"The laws of physics are the same in all inertial frame of references". This is one of the postulates of the special theory of relativity. Could someone please explain the meaning of this statement?

"The laws of physics are the same in all inertial frame of references". This is one of the postulates of the special theory of relativity. Could someone please explain the meaning of this statement?
it says that the laws of physics is the same no matter how you look at it, if you move at say .99C the constant G is still the same as if you move .5C or 0C. Everylaw of physics is the same no matter how fast you are moving
Or more to the point since the speed of light itself is a critical value in physics: the speed of light is the same no matter what speed you yourself are traveling at. That is no matter what your speed is, light comes toward you and travels away from you in all directions at 300,000,000 m/s. Ergo, you cannot catch up to the speed of light.

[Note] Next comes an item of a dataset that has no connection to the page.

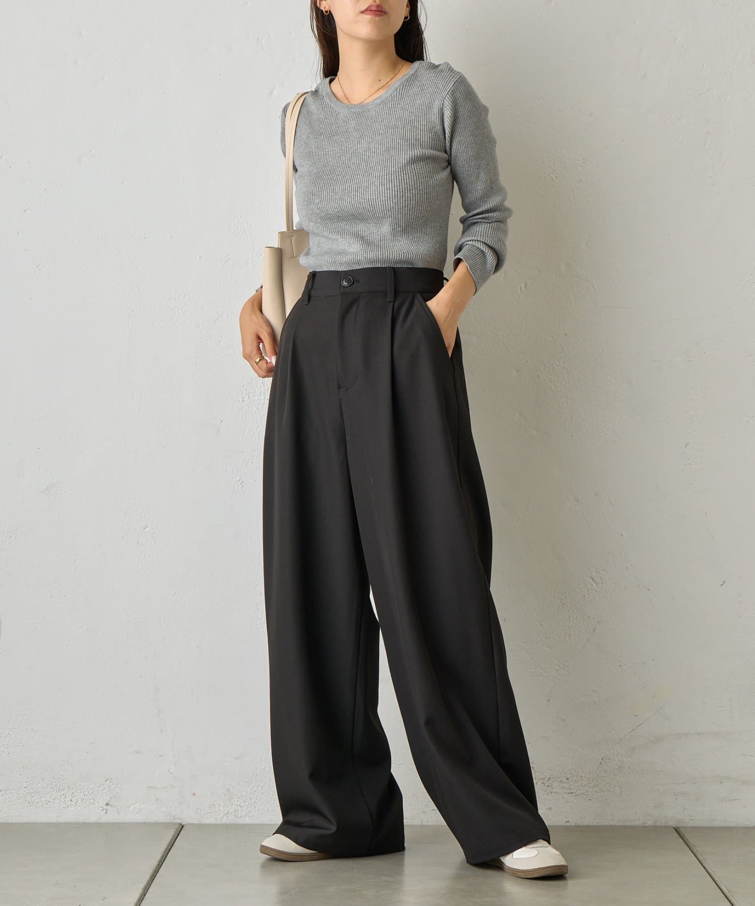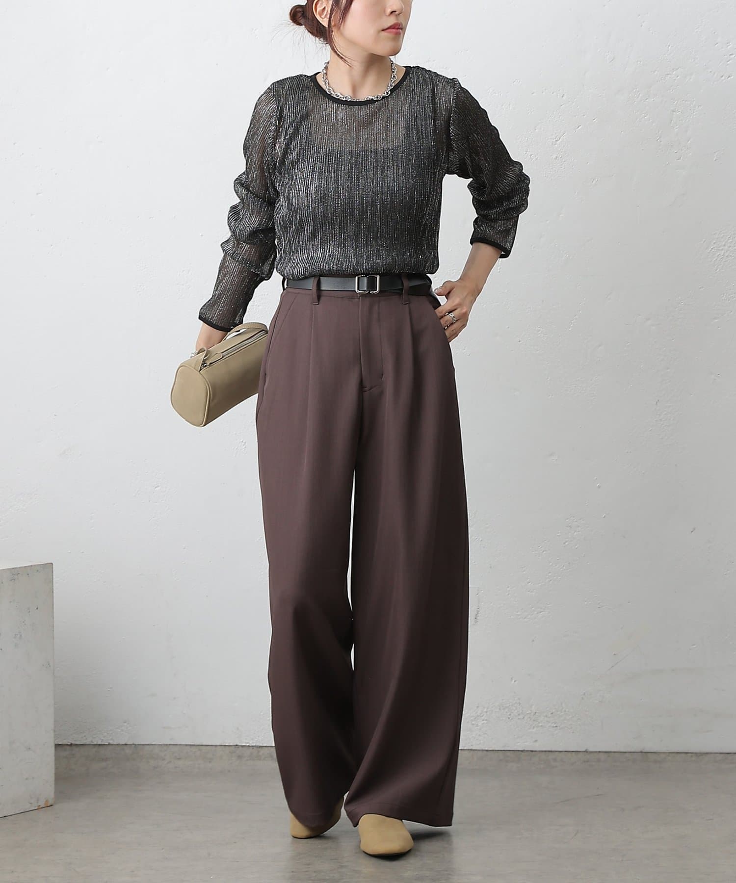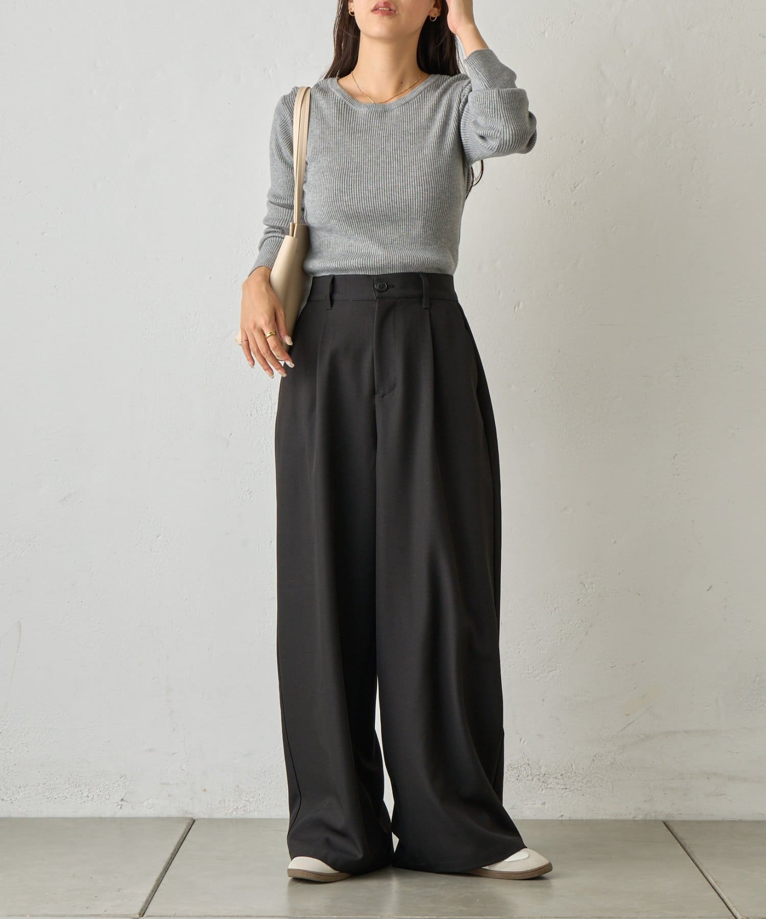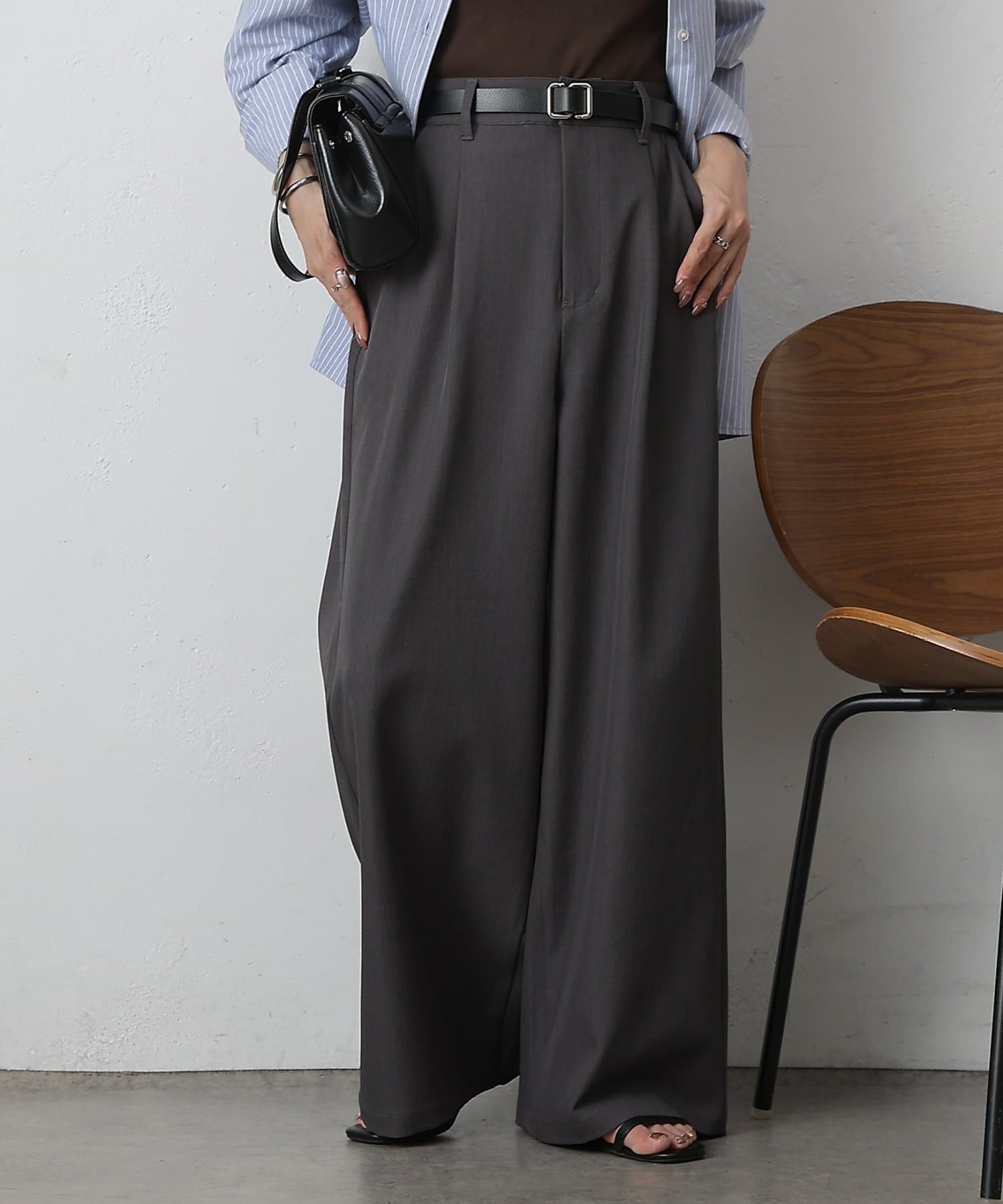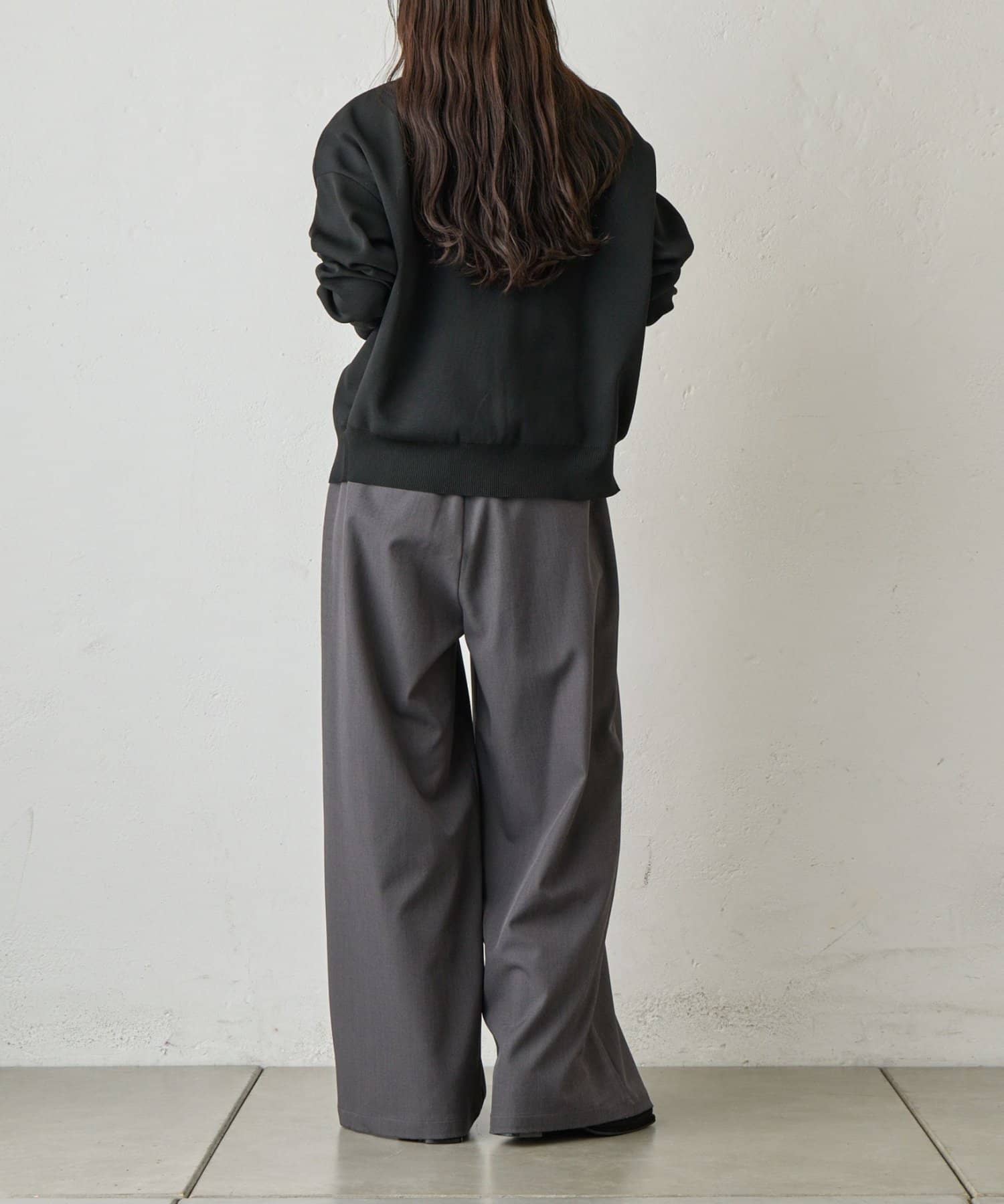 オンオフ問わず着回しの効く、万能ワイドスラックスです。

no mitchellmckain the 2 statements einstein had in SR is
1: speed of light, C, is the same to all observers
2: The laws of physics are the same in all inertial frame of references
but it is basacly the same
True. Formally this is probably neccessary. But the ideas behind these two postulates do seem connected to me.Originally Posted by Zelos
they are, but i think its wierd ppl didnt realise that C have to be constant with maxwells formulas, they claim that C must allways be C
For photon's benefit let me explain a little. The letter c represents the speed of light in a vacuum (about 3x10^8 m/s) and this value appears in Maxwell's equations which are the basic equations for the electric and magnetic fields. So this represents a connection between the invariability of the speed of light and the invariability of the laws of physics. Light is an electromagnetic wave and so the velocity of these waves can also be derived from Maxwell's equations. So the speed of light can only depend on how fast you are traveling (also known as your inertial frame) if Maxwell's equations also depend on how fast you are traveling (your inertial frame).Originally Posted by Zelos
But they didn't: the formula for C is speed independent.
Edited by Ophiolite for typography, because he is getting really tired of sloppy typing that makes it difficult for readers to understand.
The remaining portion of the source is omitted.